13-3. Re-estimate the basic Reed frog varying intercept model, but now using a Cauchy distribution in place of the Gaussian distribution for the varying intercepts. That is, fit this model: \[\begin{align} s_i ∼ Binomial(n_i, p_i) \\ logit(p_i) = α_{tank[i]} \\ α_{tank} ∼ Cauchy(α, σ) \\ α ∼ Normal(0, 1) \\ σ ∼ Exponential(1) \\ \end{align}\]

(You are likely to see many divergent transitions for this model. Can you figure out why? Can you fix them?) Plot and compare the posterior means of the intercepts, αtank, to the posterior means produced in the chapter, using the customary Gaussian prior.
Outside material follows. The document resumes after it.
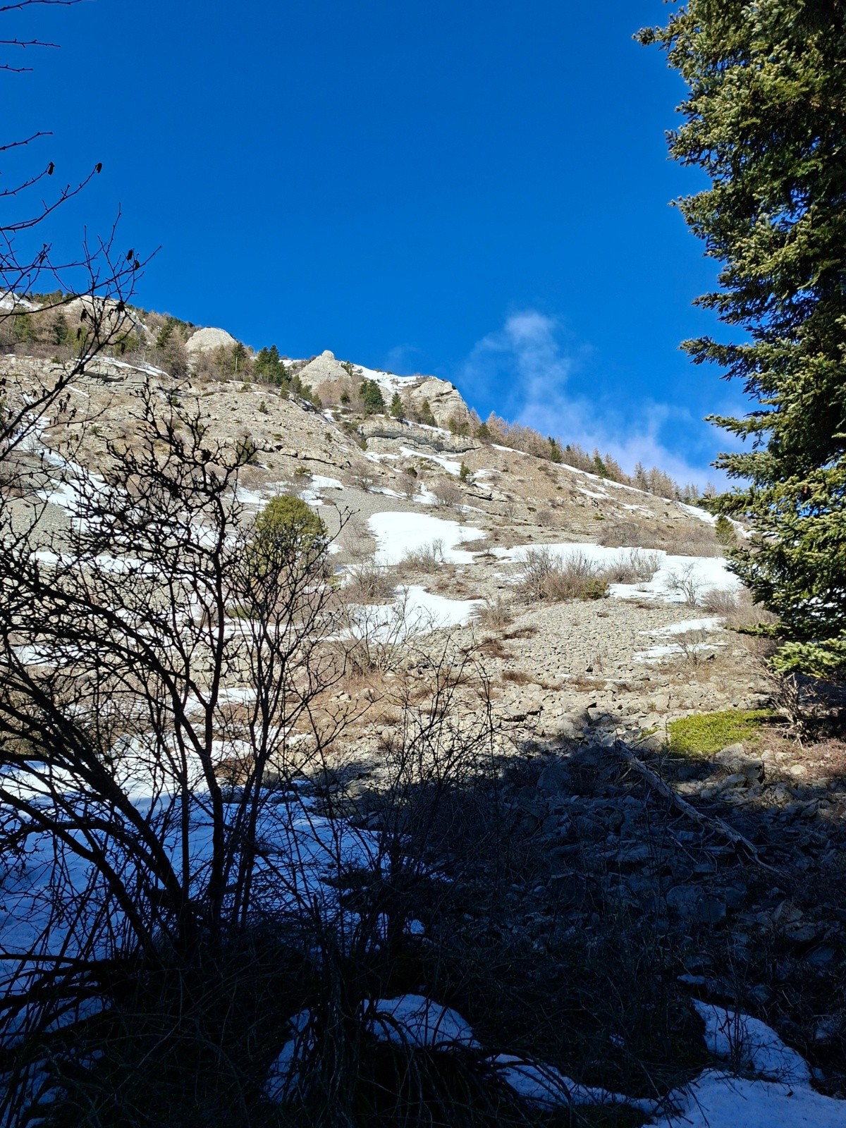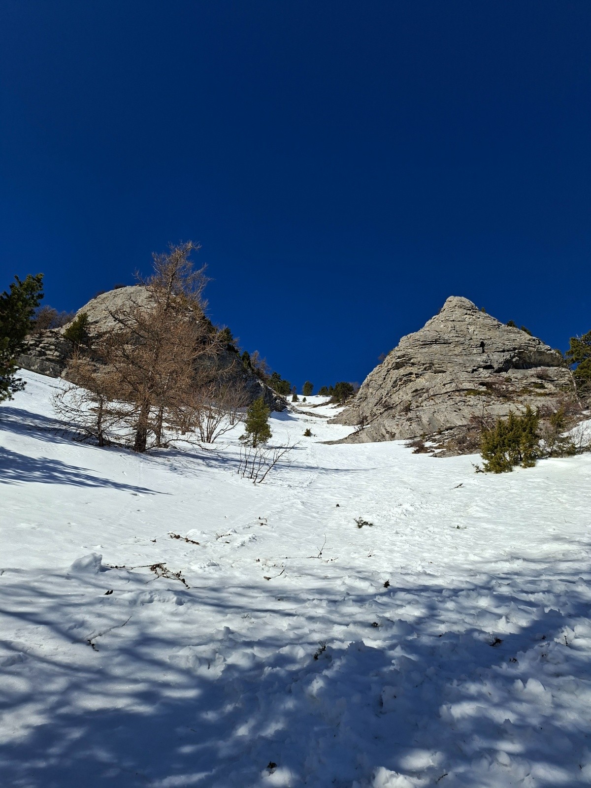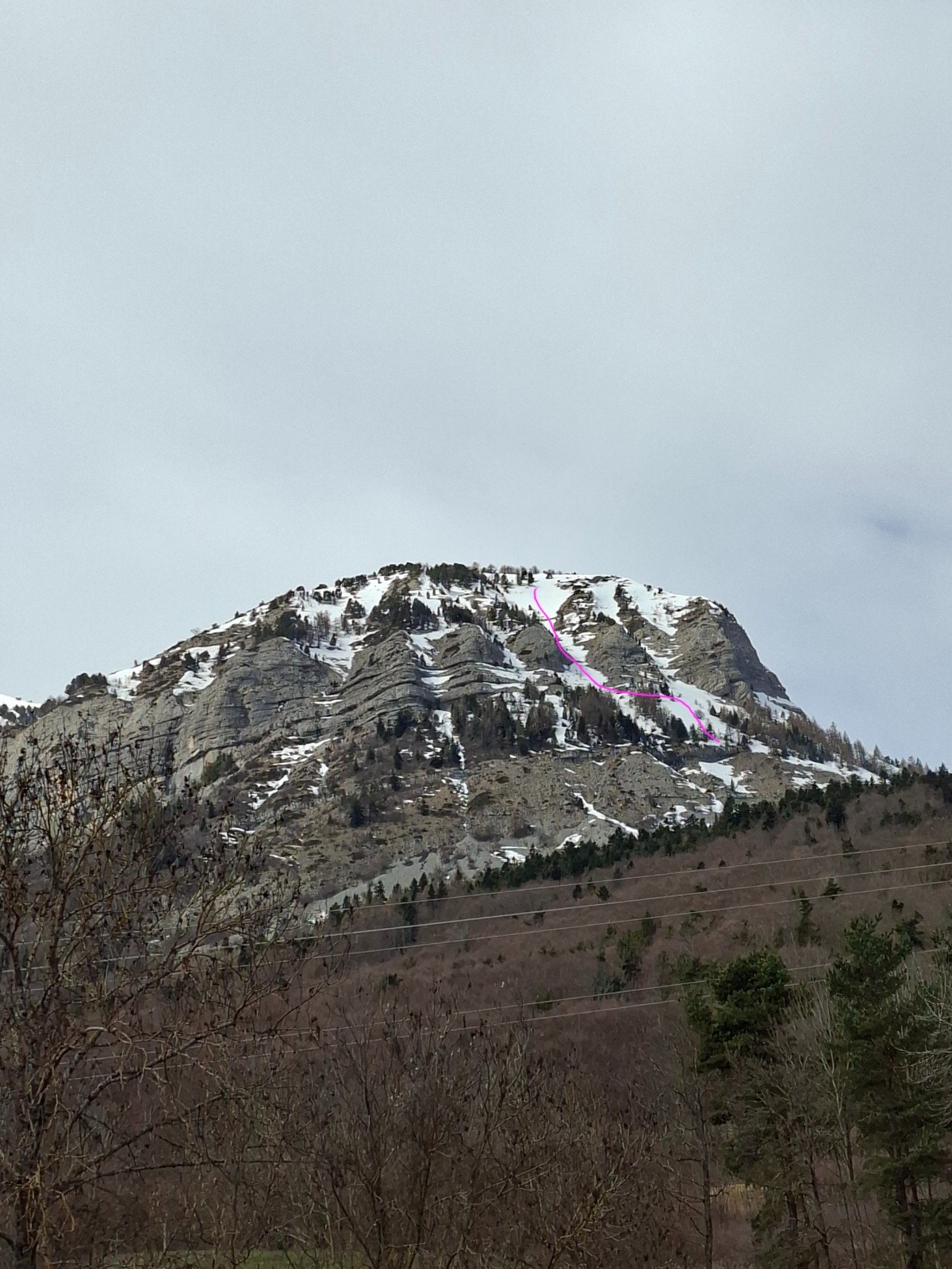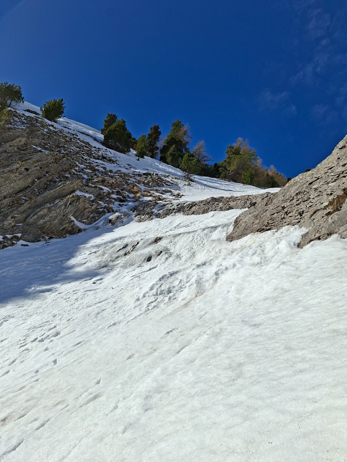 Itinéraire suivi : Bois vert, sentier d'été jusqu'au pt 1440 sous les Rochers du midi, couloir ENE (à gauche de celui en bleu sur le topo). Descente par le meme itineraire.

Can you explain the pattern of differences? Take note of any change in the mean α as well.

# Tank-only, Cauchy distribution
msT_c <- ulam(
  alist(
    S ~ dbinom(D, p),
    logit(p) <- a[T],
    a[T] ~ dcauchy(a_bar, sigma),
    a_bar ~ dnorm(0, 1.5),
    sigma ~ dexp(1)
  
  ), data=dat, chains=4, cores = 4, log_lik=TRUE, iter = 2e3)
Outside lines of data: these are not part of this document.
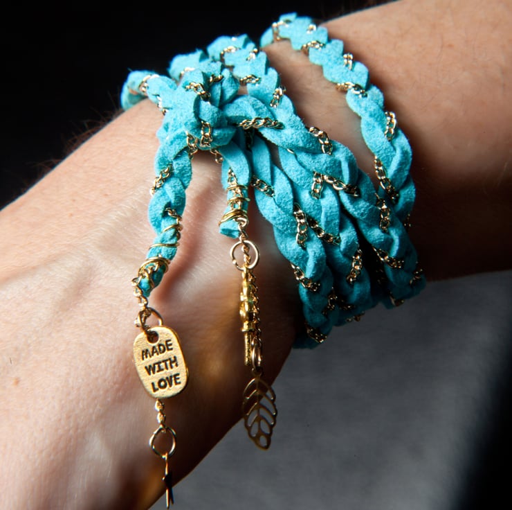 It is made from mock suede plaited with fine chain and finished at the ends with four gold charms including a leaf, key and 'made with love' pebble.
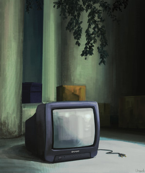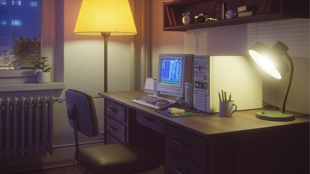 #1990 #90s #computerroom #digitalart #digitalpainting #eerie #illustration #macintosh #room #scenery #thinkpad #retrocomputers #empty
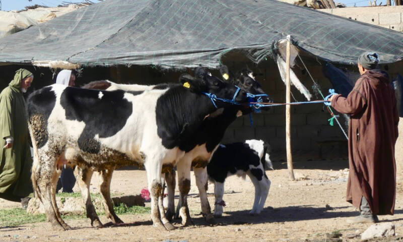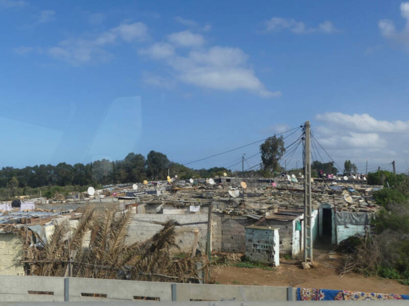 Het noorden is vruchtbaar, het is groen omdat het nogal veel geregend heeft de laatste tijd, te zien aan de grote plassen op de velden. Er wordt overal op het land gewerkt, er lopen kuddes schapen en je ziet af en toe een paar koeien, dik onder de modder. En in de buurt van Moulay Bousselham zie je veel landbouw onder plastic. We realiseerden ons dat we gisteren eigenlijk nauwelijks vrachtverkeer hadden gezien, zou er net zoals in West Europa een verbod zijn op zondag of was het toeval?
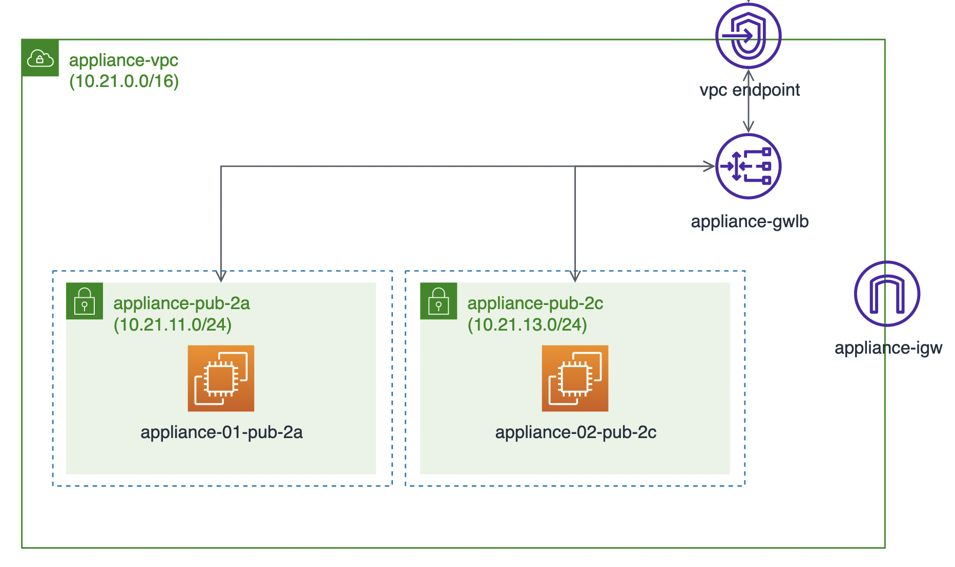 - sec-vpc의 GWLB VPC Endpoint에서 appliance-vpc의 VPC Endpoint Service로 트래픽을 전송합니다.
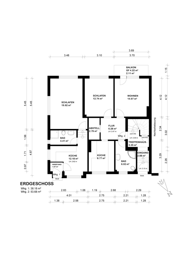 - zwei Teilflure
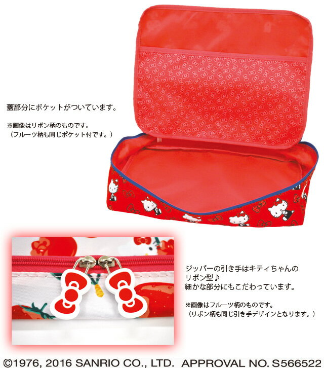 内側生地にもキティちゃんのモチーフがプリントされています。
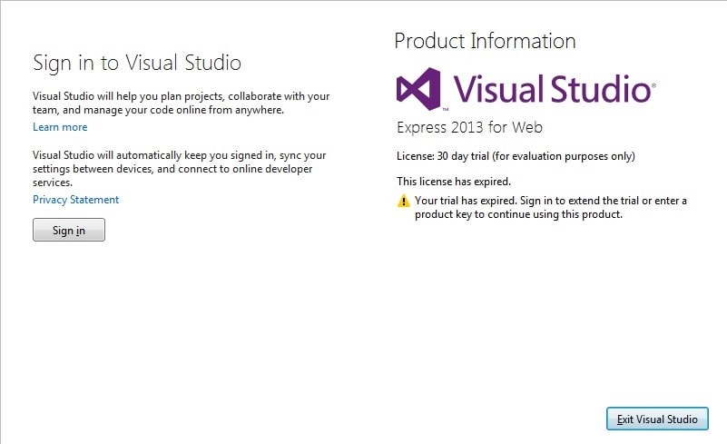 Всем привет. Сейчас очень злой, поэтому не судите строго. Уже 6-ой или 7-ой час пытаюсь установить: Visual Studio 2013\2010. Первое что я сделал скачал 2013 Ultimate. При запуске выбило сразу мол лицензия закончилась О_о. Странно подумал я т.к написано тестовый период 30 дней. Думал сейчас ключик быстро введу и пойду дальше. Начал искать куда можно его запихнуть - оказалось только в саму программу в Help или что-то в этом роде, но соль в том что появляется окошко с тем что срок использования истек и добраться до этого меню, увы никак.
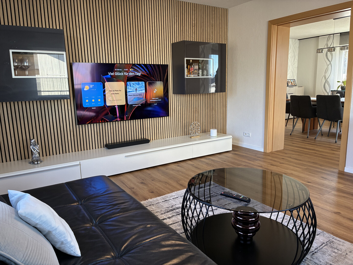 Die Aufteilung im Erdgeschoss besticht durch großzügige Flächen, eine vom Tischler angefertigte Küche sowie das Esszimmer und das Wohnzimmer.

# extract posterior estimands
aT <- apply(extract.samples(msT)$a, 2, mean)
aTC <- apply(extract.samples(msT_c)$a, 2, mean)

# compare intercept of Tank (Gaussian VS Cauchy)
plot(aT, aTC,
  pch = 16, col = rangi2,
  xlab = "Intercept (Gaussian prior)", ylab = "Intercept (Cauchy prior)"
)
abline(a = 0, b = 1, lty = 2)

# At higher level of αtank value, we see a higher divergent values between the Cauchy Prior and Gaussian Prior, with αtank values for Cauchy Prior being much higher than the Gaussian prior. This because Cauchy distribution has a much longer tail than the Gaussian prior. At normal αtank value, we see that the point falls on the straight line, which means that they are not divergent.
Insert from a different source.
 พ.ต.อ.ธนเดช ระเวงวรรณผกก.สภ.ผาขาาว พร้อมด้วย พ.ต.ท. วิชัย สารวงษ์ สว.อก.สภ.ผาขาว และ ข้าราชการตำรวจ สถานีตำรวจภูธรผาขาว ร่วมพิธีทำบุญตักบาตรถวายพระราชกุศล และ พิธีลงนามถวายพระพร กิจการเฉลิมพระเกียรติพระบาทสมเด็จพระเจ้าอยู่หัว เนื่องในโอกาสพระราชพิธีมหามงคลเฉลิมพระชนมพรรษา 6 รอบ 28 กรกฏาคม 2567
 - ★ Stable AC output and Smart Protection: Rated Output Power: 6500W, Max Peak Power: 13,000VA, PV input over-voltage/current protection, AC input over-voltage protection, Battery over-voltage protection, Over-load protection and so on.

13-4. Now use a Student-t distribution with ν = 2 for the intercepts: \[\begin{align} α_{tank} ∼ Student(2, α, σ) \end{align}\]

Refer back to the Student-t example in Chapter 7 (page 234), if necessary. Plot and compare the resulting posterior to both the original model and the Cauchy model in 13-3. Can you explain the differences and similarities in shrinkage in terms of the properties of these distributions?

# student prior
msT_S <- map2stan(
  alist(
    S ~ dbinom(D, p),
    logit(p) <- a[T],
    a[T] ~ dstudent(2, a_bar, sigma),
    a_bar ~ dnorm(0,1),
    sigma ~ dcauchy(0,1)
    ), data=dat, chains=4, cores=4, warmup=1000, 
  iter=3000, control=list(adapt_delta=0.99)
)

# extract posterior estimands
aTS <- apply(extract.samples(msT_S)$a, 2, mean)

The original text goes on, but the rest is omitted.